Records shown:

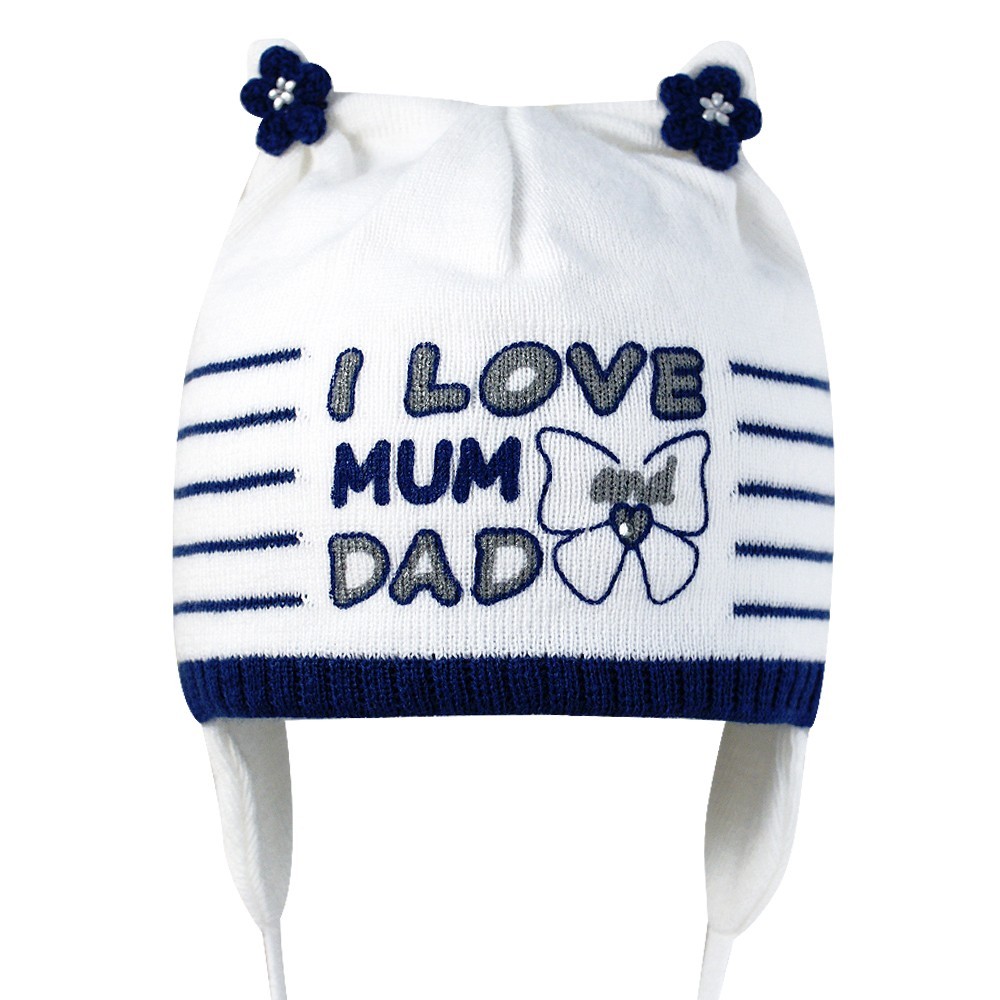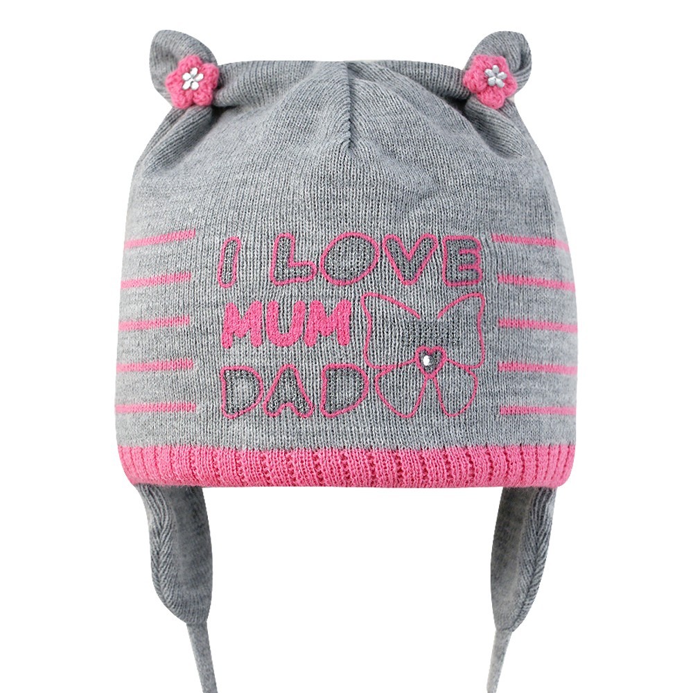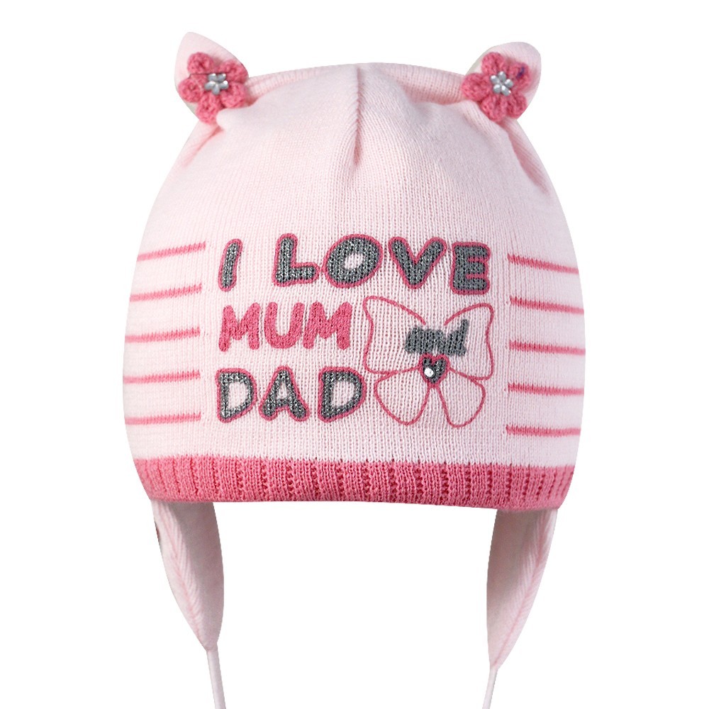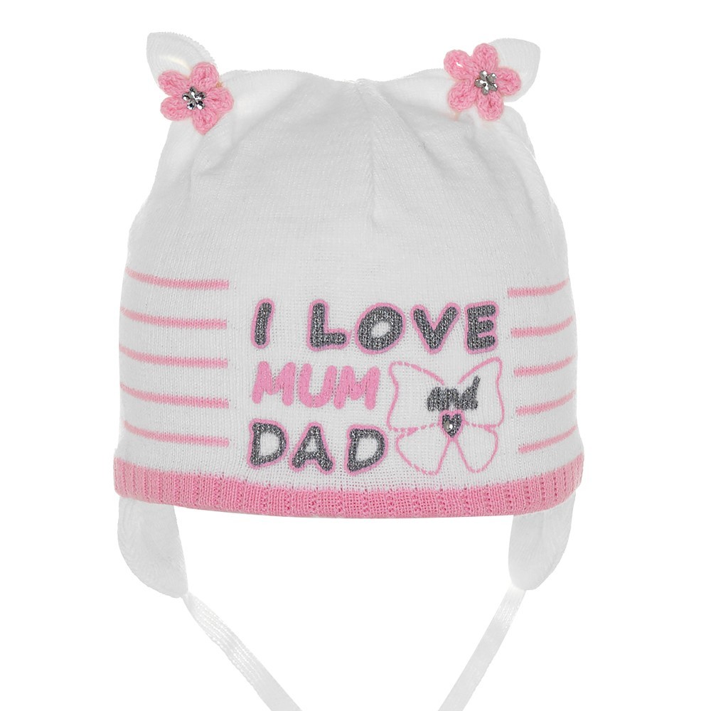 Шапка для девочки с декоративными цветочками на имитированных ушках и надписью, на завязках.
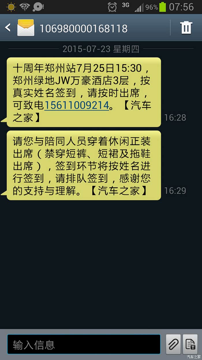 汽车之家给我发送的邀请短信。谢谢汽车之家,谢谢奇骏论坛!
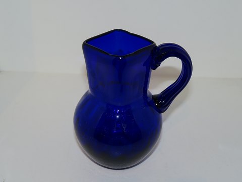 Større mørkeblå glas flødekande med firkantet top fra Tyskland ca. 1890-1910
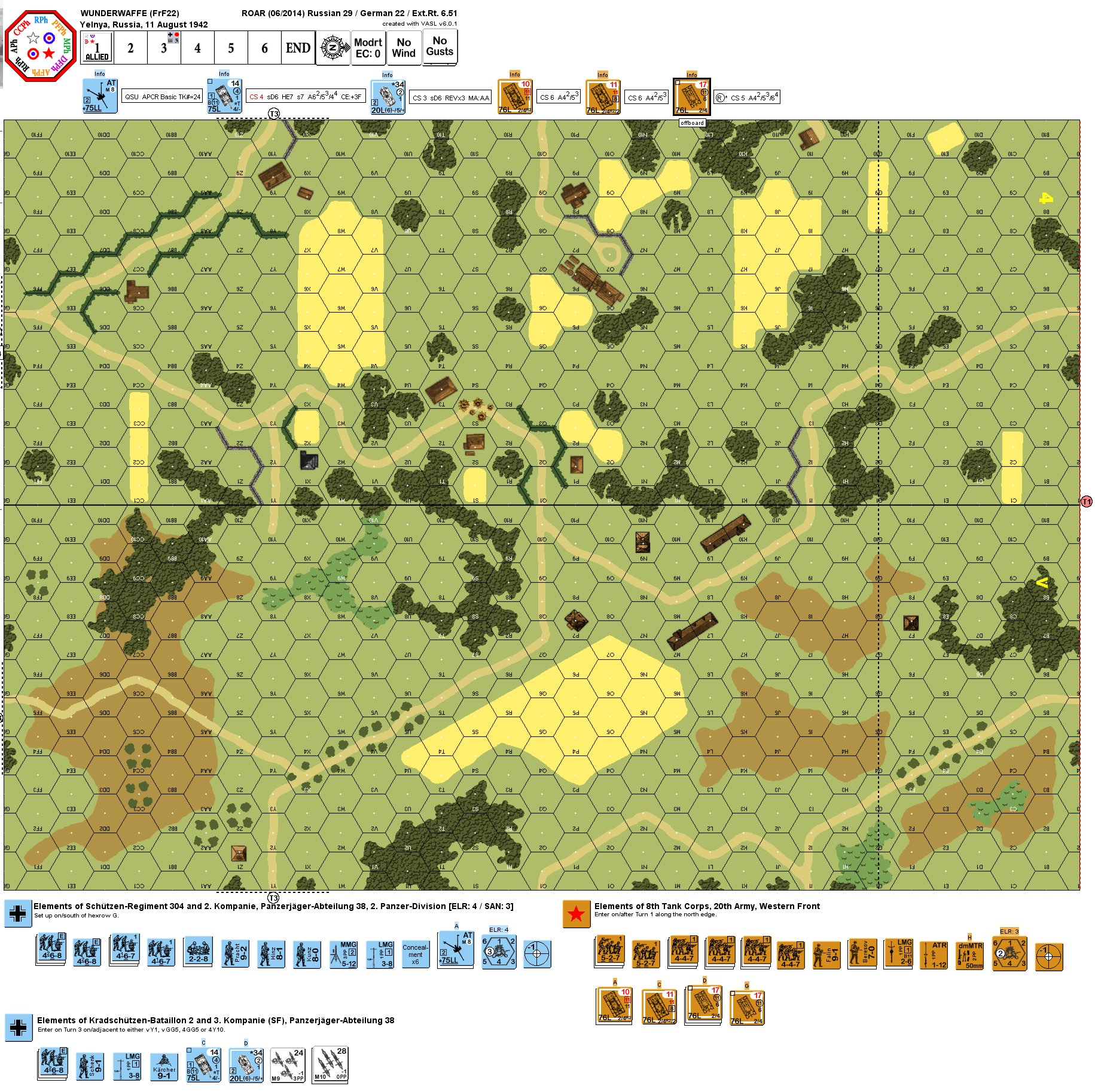 Defender: German (Schutzen-Regiment 304 and 2. Kompanie, Panzerjager-Abteilung 38, 2. Panzer Division; Kradschutzen-Bataillon 2 and 3. Kompanie (SF), Panzerjager-Abteilung 38)
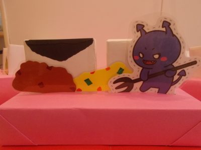 子どもたちにも分かりやすく伝えられるよう、今回は空き箱やペットボトルを使用して
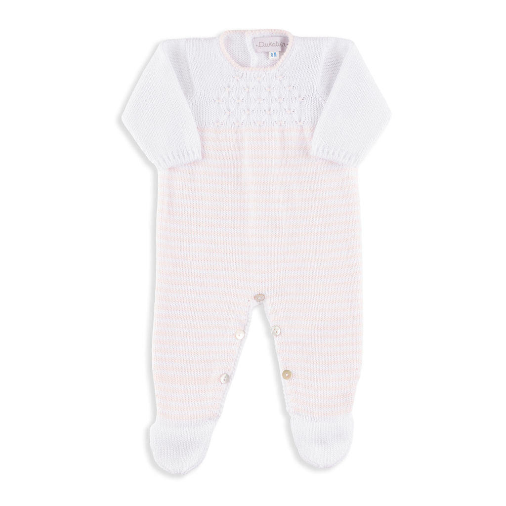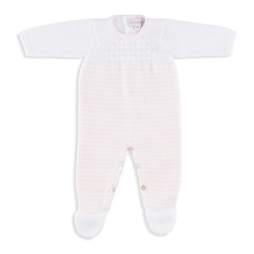 100% cotton, soft no-itch cotton, true to size. For a newborn, get the size 1M! The Gibson Long-Sleeve Pink and White Stripe Footed Romper combines classic design with everyday comfort. Crafted from soft, breathable cotton, it keeps your little one snug and stylish from playtime to nap time.
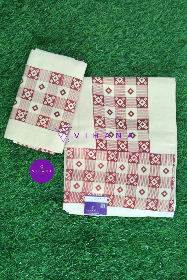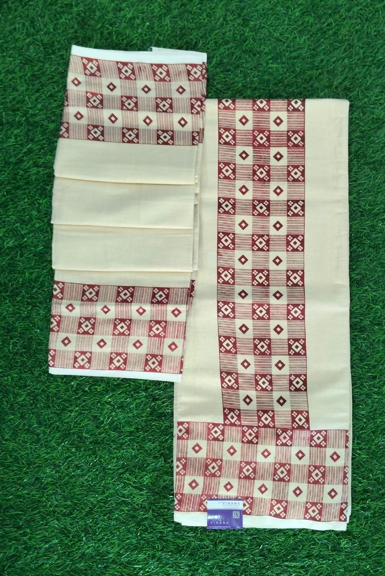 This set mundu is adorned with woven or printed geometric motifs in shades of maroon and brown. The pattern includes squares and diamond shapes arranged in a repeating, checkered style.

Work instruction: Give back exactly the lines from the opening of the listing through the line holding "子どもたちにも分かりやすく伝えられるよう、今回は空き箱やペットボトルを使用して", both ends included, with every picture omitted.

Response to this exercise:
 Шапка для девочки с декоративными цветочками на имитированных ушках и надписью, на завязках.
 汽车之家给我发送的邀请短信。谢谢汽车之家,谢谢奇骏论坛!
 Større mørkeblå glas flødekande med firkantet top fra Tyskland ca. 1890-1910
 Defender: German (Schutzen-Regiment 304 and 2. Kompanie, Panzerjager-Abteilung 38, 2. Panzer Division; Kradschutzen-Bataillon 2 and 3. Kompanie (SF), Panzerjager-Abteilung 38)
 子どもたちにも分かりやすく伝えられるよう、今回は空き箱やペットボトルを使用して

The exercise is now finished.